| Records shown |
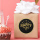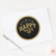 This round sticker is shown with a Happy New Year stars print with a gold faux glitter border.
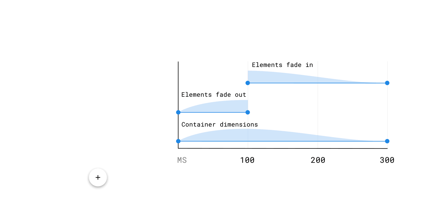 相比之下,像开关这样的小控件使用的时间就会很短,只需要100ms。如果一个过渡动画你感觉太快或者太慢,建议以25ms的增量来调整它的持续时间,直到最终达到一个比较舒服的状态。
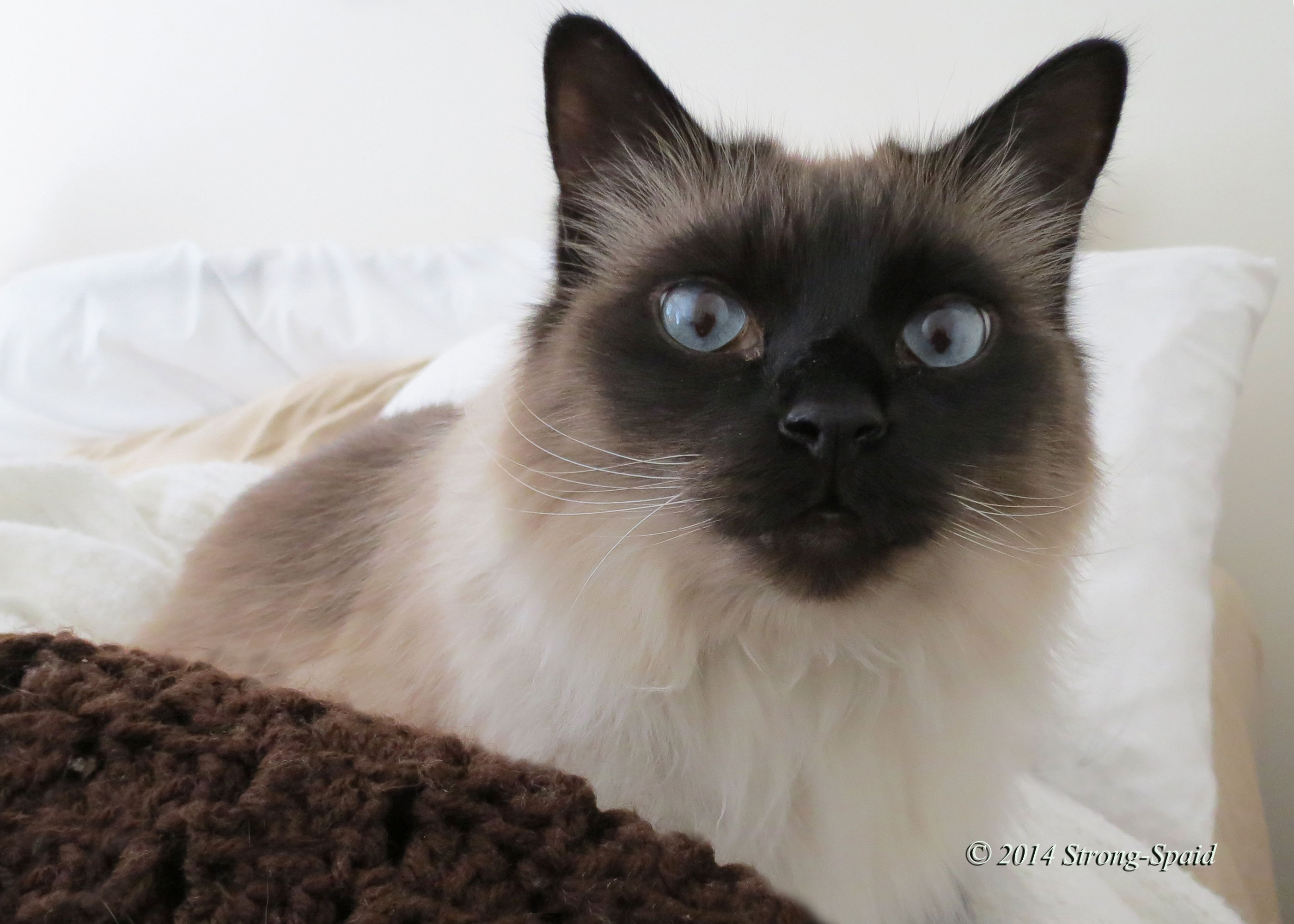 Intense those blue eyes! He (Keona) often does the cat version of the Star Trek “Vulcan Mind Meld.” When he wants something, he will sit down in front of us and stare like this. He thinks that we can hear what he is thinking and IF we don’t understand his wordless mental message correctly…..he gets rather annoyed. Poor baby! Dumb humans. 😉
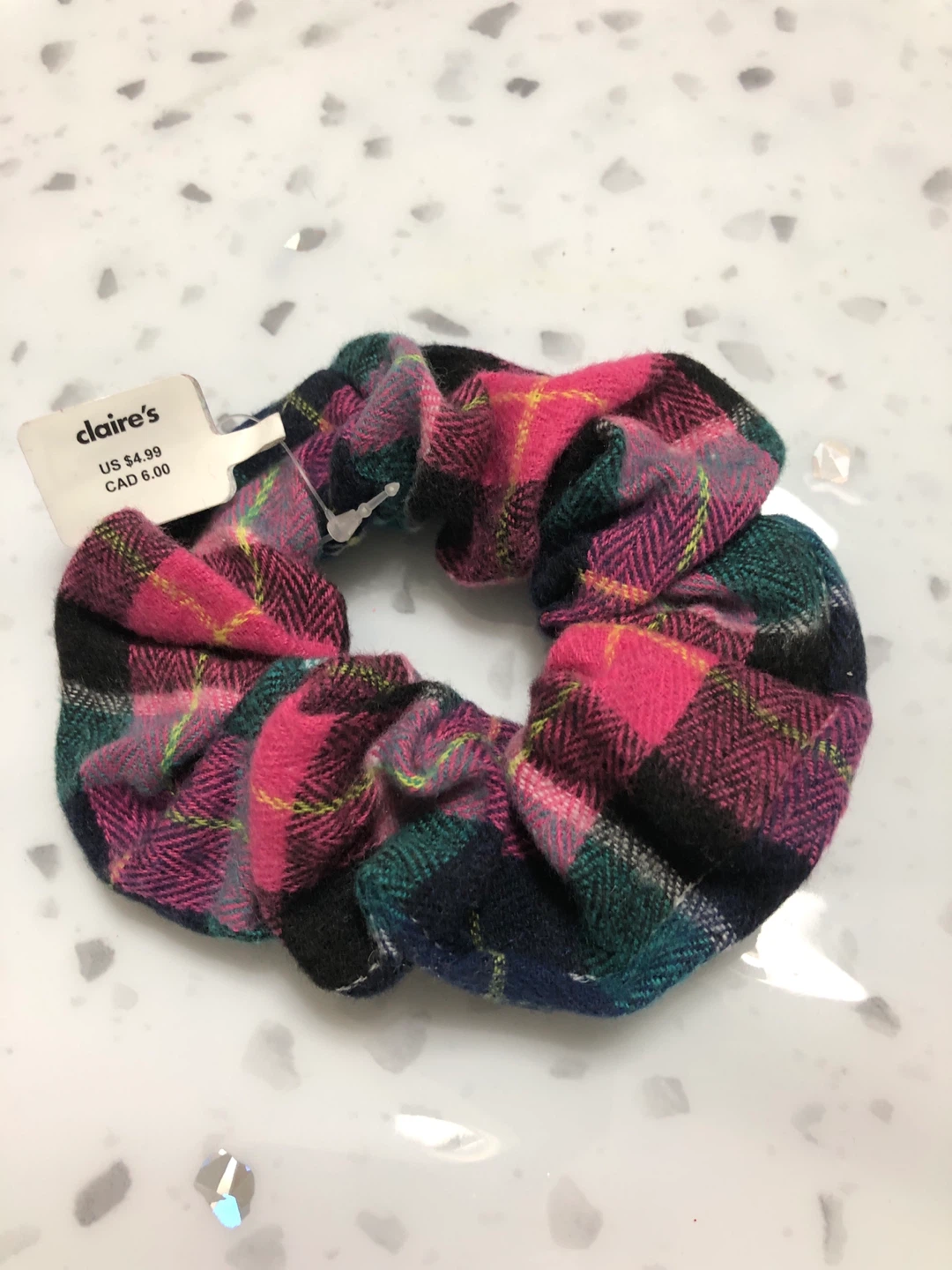 Selling a cute plaid scrunchie from Claire's! It's in great condition and has a fun, colourful pattern. Originally bought for $6.00 CAD
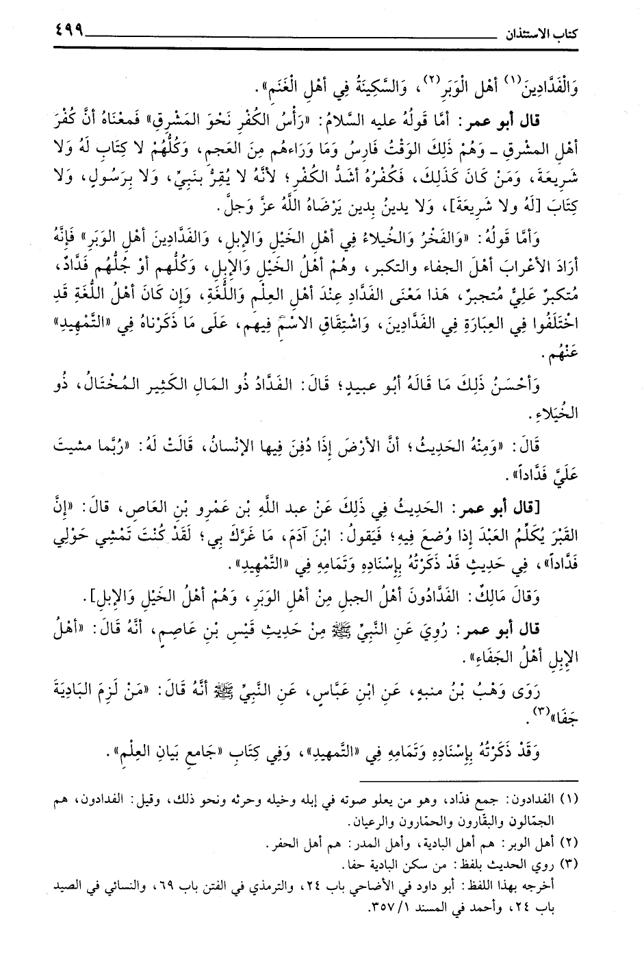 وَأَمَّا قَوْلُهُ وَالْفَخْرُ وَالْخُيَلَاءُ فِي أَهْلِ الْخَيْلِ وَالْإِبِلِ وَالْفَدَّادِينَ أَهْلِ الْوَبَرِ فَإِنَّهُ أَرَادَ الْأَعْرَابَ أَهْلَ الْجَفَاءِ وَالتَّكَبُّرِ وَهُمْ أَهْلُ الْخَيْلِ وَالْإِبِلِ وَكُلُّهُمْ أَوْ جُلُّهُمْ فَدَّادٌ مُتَكَبِّرٌ عَلِيٌّ مُتَجَبِّرٌ هَذَا مَعْنَى الْفَدَّادِ عِنْدَ أَهْلِ الْعِلْمِ وَاللُّغَةِ وَإِنْ كَانَ أَهْلُ اللُّغَةِ قَدِ اخْتَلَفُوا فِي الْعِبَارَةِ فِي الْفَدَّادِينَ وَاشْتِقَاقِ الْاسْمِ فِيهِمْ عَلَى مَا ذَكَرْنَاهُ فِي التَّمْهِيدِ عَنْهُمْ
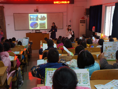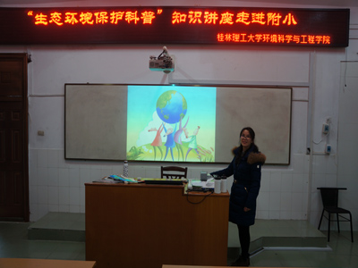 “生态环境保护与可持续发展科普教育基地建设”课题组成员与学院志愿者们走进桂林理工大学附属小学,面向该校部分小学生开展了环保知识宣传讲座。

| Problem to solve |
In the listing above, find the line holding "Intense those blue" and the line holding "Selling a cute". Reproduce those two lines and all between them exactly, leaving out pictures.

| Answer to this problem |
 Intense those blue eyes! He (Keona) often does the cat version of the Star Trek “Vulcan Mind Meld.” When he wants something, he will sit down in front of us and stare like this. He thinks that we can hear what he is thinking and IF we don’t understand his wordless mental message correctly…..he gets rather annoyed. Poor baby! Dumb humans. 😉
 Selling a cute plaid scrunchie from Claire's! It's in great condition and has a fun, colourful pattern. Originally bought for $6.00 CAD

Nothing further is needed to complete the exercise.